La sanzione di 3.000 euro preista dalla manovra di bilancio 2023 per la partita IVA “apri e chiudi” rischia di creare conseguenze sui commercialisti ed altri intermediari (consulenti del lavoro, ecc.). Ecco perché altre parti politiche (i Partito Democratico in primis) e le associazioni di categorie (i tributaristi e commercialisti su tutti) stanno facendo pressioni sulla maggioranza per rivedere le cose.

In sostanza la norma inserita in manovra resterebbe, ma si chiede la cancellazione solo della responsabilità in solido del consulente a cui ci si rivolge per l’apertura delle c.

d. partite IVA flash. Ossia partite IVA fittizie che vengono aperte e poi chiuse dopo un po’ e prima che si debbano pagare le imposta allo Stato.

Cosa si stabilisce per la partita IVA apri e chiudi

Al fine di contrastare il fenomeno di partita iva apri e chiudi, il governo, nella manovra di bilancio 2023, ha previsto una norma in base alla quale alla richiesta di attribuzione di partita IVA, l’Agenzia delle Entrate, laddove a seguito di un’analisi di rischio ritiene opportuno, convoca il contribuente. La convocazione è diretta a chiedere l’esibizione di documentazione idonea a provare l’effettivo esercizio dell’attività e, quindi, l’assenza dei profili di rischio individuati.

Se il contribuente non si dovesse presentare oppure la documentazione presentata è considerata non idonea, l’Agenzia Entrate stessa emana un provvedimento di cessazione dell’attività. Contestualmente irroga una sanzione amministrativa di 3.000.

La responsabilità dell’intermediario

La norma stabilisce anche che, della citata sanzione di 3.000 euro per la partita IVA apri e chiude ne risponde in solido, insieme al contribuente, anche l’intermediario. Si tratta del commercialista, consulente del lavoro, ecc., a cui questi si è rivolto per l’invio del modello di attribuzione partita IVA (parliamo del Modello AA9/12).

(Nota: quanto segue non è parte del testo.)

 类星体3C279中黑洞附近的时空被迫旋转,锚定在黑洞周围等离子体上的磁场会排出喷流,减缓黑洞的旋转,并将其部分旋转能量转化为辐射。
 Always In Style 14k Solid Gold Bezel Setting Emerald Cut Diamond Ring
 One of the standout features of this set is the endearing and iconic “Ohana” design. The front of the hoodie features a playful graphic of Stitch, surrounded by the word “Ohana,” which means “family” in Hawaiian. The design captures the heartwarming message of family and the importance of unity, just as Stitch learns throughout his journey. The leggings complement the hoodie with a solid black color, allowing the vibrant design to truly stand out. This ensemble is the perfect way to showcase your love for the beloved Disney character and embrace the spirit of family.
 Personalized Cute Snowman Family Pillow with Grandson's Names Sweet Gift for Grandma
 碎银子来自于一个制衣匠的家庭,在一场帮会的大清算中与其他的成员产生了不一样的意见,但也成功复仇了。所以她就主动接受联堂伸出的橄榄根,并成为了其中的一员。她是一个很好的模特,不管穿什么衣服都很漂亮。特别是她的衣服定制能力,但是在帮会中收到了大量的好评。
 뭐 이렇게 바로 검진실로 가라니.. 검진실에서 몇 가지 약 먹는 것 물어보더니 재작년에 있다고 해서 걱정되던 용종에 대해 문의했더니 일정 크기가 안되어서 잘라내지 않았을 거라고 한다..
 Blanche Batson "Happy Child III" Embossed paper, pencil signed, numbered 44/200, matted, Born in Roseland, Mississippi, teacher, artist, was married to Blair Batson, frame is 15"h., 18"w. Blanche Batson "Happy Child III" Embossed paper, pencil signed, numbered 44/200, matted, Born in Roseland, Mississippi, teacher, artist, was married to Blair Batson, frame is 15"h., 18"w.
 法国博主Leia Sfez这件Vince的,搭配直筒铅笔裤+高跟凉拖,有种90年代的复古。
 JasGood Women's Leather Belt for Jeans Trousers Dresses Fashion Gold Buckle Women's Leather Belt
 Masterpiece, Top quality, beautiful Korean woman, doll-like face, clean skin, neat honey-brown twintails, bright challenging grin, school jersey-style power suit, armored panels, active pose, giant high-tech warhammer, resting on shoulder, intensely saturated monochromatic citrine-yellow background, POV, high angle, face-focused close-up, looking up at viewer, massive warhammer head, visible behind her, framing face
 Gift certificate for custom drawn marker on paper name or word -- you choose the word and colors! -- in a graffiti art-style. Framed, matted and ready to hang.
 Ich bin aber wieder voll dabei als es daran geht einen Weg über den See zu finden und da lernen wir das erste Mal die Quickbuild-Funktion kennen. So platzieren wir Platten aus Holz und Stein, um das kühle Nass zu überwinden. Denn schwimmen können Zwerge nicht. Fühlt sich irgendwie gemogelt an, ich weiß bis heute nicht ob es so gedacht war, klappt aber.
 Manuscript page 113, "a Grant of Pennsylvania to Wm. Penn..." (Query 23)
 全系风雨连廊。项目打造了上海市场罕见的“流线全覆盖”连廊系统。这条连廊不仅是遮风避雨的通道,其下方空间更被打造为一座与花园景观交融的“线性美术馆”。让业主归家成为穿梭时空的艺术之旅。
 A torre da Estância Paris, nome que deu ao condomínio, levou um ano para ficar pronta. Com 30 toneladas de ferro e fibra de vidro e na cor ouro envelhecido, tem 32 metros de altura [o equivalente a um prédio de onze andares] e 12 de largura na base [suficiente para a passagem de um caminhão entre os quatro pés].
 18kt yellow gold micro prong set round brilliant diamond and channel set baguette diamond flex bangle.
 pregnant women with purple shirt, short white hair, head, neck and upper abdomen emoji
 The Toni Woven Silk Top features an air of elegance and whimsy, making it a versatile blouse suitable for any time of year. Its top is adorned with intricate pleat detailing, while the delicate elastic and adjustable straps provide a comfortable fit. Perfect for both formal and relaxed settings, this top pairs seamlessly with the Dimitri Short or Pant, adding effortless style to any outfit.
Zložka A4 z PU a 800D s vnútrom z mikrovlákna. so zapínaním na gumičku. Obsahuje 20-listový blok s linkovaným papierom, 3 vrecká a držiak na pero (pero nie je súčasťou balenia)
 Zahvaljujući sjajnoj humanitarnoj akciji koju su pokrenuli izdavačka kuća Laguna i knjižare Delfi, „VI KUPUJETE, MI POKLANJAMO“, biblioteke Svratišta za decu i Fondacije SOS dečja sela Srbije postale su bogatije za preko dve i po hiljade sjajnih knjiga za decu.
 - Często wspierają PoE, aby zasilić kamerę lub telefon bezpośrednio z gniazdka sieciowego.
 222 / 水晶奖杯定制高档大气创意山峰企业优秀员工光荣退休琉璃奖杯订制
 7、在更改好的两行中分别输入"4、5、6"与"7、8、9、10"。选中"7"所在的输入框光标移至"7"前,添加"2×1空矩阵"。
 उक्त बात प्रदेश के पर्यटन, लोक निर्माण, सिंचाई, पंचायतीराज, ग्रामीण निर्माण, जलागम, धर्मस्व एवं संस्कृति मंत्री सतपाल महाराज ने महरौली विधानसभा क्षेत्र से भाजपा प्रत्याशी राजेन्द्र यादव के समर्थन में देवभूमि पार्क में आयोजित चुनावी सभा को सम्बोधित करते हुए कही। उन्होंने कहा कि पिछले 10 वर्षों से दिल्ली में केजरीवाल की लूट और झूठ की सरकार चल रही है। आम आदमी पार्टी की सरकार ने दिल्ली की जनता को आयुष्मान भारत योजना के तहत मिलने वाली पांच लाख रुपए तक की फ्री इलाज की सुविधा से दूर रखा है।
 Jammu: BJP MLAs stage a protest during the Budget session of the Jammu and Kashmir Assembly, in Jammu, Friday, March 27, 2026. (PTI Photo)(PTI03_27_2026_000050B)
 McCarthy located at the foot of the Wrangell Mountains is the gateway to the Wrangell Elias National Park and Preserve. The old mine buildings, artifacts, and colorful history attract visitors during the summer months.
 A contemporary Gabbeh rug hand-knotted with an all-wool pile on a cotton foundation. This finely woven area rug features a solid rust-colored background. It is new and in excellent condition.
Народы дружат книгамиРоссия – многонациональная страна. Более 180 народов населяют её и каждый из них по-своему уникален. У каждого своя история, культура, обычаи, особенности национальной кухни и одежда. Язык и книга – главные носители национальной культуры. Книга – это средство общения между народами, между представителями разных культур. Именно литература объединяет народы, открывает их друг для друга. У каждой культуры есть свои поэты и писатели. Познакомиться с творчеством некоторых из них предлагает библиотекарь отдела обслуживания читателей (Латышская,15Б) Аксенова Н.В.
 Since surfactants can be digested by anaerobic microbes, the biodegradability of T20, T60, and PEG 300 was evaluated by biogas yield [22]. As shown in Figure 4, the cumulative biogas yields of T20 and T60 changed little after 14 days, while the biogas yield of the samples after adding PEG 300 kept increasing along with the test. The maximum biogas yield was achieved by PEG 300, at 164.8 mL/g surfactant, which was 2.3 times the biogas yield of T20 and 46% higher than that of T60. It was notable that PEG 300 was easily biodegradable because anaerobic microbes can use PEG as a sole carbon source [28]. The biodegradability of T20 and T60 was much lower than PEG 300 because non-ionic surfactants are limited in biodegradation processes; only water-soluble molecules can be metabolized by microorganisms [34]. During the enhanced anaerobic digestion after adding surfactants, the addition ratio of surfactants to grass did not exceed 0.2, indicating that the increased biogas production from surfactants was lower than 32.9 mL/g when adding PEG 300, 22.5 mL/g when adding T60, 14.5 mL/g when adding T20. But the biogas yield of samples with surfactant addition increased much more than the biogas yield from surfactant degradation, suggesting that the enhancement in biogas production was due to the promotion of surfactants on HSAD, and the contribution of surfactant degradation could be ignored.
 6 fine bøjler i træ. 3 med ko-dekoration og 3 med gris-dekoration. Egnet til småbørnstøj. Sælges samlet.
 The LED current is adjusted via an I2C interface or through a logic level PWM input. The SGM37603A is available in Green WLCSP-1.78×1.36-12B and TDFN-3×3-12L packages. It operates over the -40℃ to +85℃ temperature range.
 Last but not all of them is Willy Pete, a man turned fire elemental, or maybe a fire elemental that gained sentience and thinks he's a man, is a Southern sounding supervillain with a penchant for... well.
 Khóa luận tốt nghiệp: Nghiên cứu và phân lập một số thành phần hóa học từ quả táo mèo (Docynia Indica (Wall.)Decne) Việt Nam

Ricordiamo, infatti, che per le operazioni di apertura e chiusura di partita IVA, il cittadino può inviare il modello autonomamente oppure tramite intermediario incaricato.

Partita IVA apri e chiudi, l’intermediario non deve essere responsabile

La responsabilità in solido per l’intermediario prevista dalla finanziaria, andrebbe a creare come immediata conseguenza in capo all’intermediario stesso il rifiuto dell’incarico. Infatti, nulla obbliga il commercialista o altro consulente ad accettare l’incarico. L’obbligo sorge solo dopo l’accettazione.

Quindi, solo dopo l’accettazione dell’incarico il consulente è obbligato ad inviare il Modello AA9/12 del contribuente che vuole l’apertura della partita IVA.

Ad ogni modo, come già detto, sulla parte della manovra che prevede la responsabilità in solido del commercialista per la partita IVA apri e chiudi dei contribuenti, già avevano battuto il pugno sul tavolo, i tributaristi ed i commercialisti stessi.

Le due categorie evidenziano il fatto che l’intermediario non ha gli strumenti necessari per svolgere indagini, che peraltro dovrebbero competere all’Amministrazione finanziaria. A loro supporto arrivano le parti politiche dell’opposizione che ritengono del tutto irrazionale la misura.